Потом спохватилась:
— А ружьё? Почему ты не берёшь его с собою?
Я ответил просто и откровенно:
— Потому что оно может смутить меня на новый грех. В оружии чёрт сидит. Пусть Томас, когда проснётся, увидит, что он был в моей власти, но я пощадил его, потому что он мой друг.
Целия посмотрела на меня взором немого обожания.
И — когда мы вошли в шалаш — она повисла мне на шею — впервые сама, первая, не как рабыня, ждущая приказа к ласкам, но как женщина, любящая и уважающая того, кто ею владеет — и, осыпая меня восторженными поцелуями, бормотала:
— Как хорошо! О, как хорошо!.. О, как я люблю тебя! Какой ты прекрасный!
И, отвечая на ласки её в эту ночь, я тоже впервые понял, что отныне Целия для меня — не только самка, связанная со мною случайным чувственным порывом, но жена и друг, жена на всю жизнь.
Утром мне предстояло тяжёлое объяснение с сестрою Люси. Когда я проходил к ней, Томас — руки в боки — стоял пред ружьём моим, прислонённым, как я оставил его вчера, к камню. На лице негра написаны были недоумение и ужас…
— Что это значит, Фернанд? — медленно и важно спросил он, обернувшись на шум моих шагов.
Я помолчал, чтобы справиться с охватившим меня волнением, — потом возразил, спокойно и твёрдо глядя негру в глаза:
— А как ты думаешь, Томас?
Он весь затрясся и сказал:
— Ты приходил ночью убить меня?
Я ответил с тою же твёрдостью:
— Да, но Бог не допустил злодейства и удержал мою руку. Прости меня, Томас.
Он молчал, потупив голову; по лицу его ходили тёмные судороги.
Я продолжал:
— А если ты боишься меня теперь, считаешь своим врагом и человеком коварным, то, вот, я стою пред тобою, безоружный, и, если хочешь, убей ты меня. Убей — как грозил вчера на берегу, хотя бы тем же самым камнем… Но я на тебя не подниму руки: только теперь понял я, как мы все здесь близки друг другу. Мы, все четверо, — пальцы на руке, и который палец ни отрежь, — всё равно всей руке больно!

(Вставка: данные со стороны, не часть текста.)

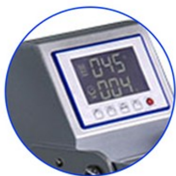
Přehledný digitální displej

Dvě pracovní desky pro zvýšení produktivity. Díky přesnému nastavení tlaku, teploty a času minimalizujete možnost chyb při přenosu. Nový mikroprocesor pro řízení teploty pracující s přesností 0,5 °C. Topná deska a tepelná spirála jsou v jednom bloku. Jednoduchý systém pro výměnu pracovních desek různých velikostí.

Тогда он вдруг, заливаясь слезами, бросился ко мне и, крепко стиснув обе мои руки, стал их качать и трясти, глядя мне в лицо мокрыми глазами и бессвязно твердя:
— О, муссю Фернанд!.. муссю Фернанд!.. муссю Фернанд!..
Слёзы невольно покатились и из моих глаз, и в них вылилось всё мучительное напряжение и беспокойство, что повисло было над нашим маленьким раем…
Сестра встретила меня, озлобленная, гневная, но далеко не так решительная и настойчивая, как вчера. В глазах её, всё ещё мечущих молнии, я уловил, однако, лёгкую тень смущения, как бы растерянности. Она казалась усталою, нездоровою, — лицо опухло от слёз бессонной ночи, которую, видно, и она провела, не смыкая глаз.
При виде моем, она ободрилась и поспешила занять воинственную позицию.
— Что значит эта трогательная сцена, которую — я видела отсюда — ты разыграл сейчас с негром? — насмешливо начала она, кусая губы.
Я сказал:
— То, что я просил у Томаса извинения за попытку его убить.
Люси страшно побледнела, широко открыла рот…
— Господи! — вырвалось у неё.
— И я надеюсь, Люси, — продолжал я, — что ты не потребуешь от меня повторения этой попытки.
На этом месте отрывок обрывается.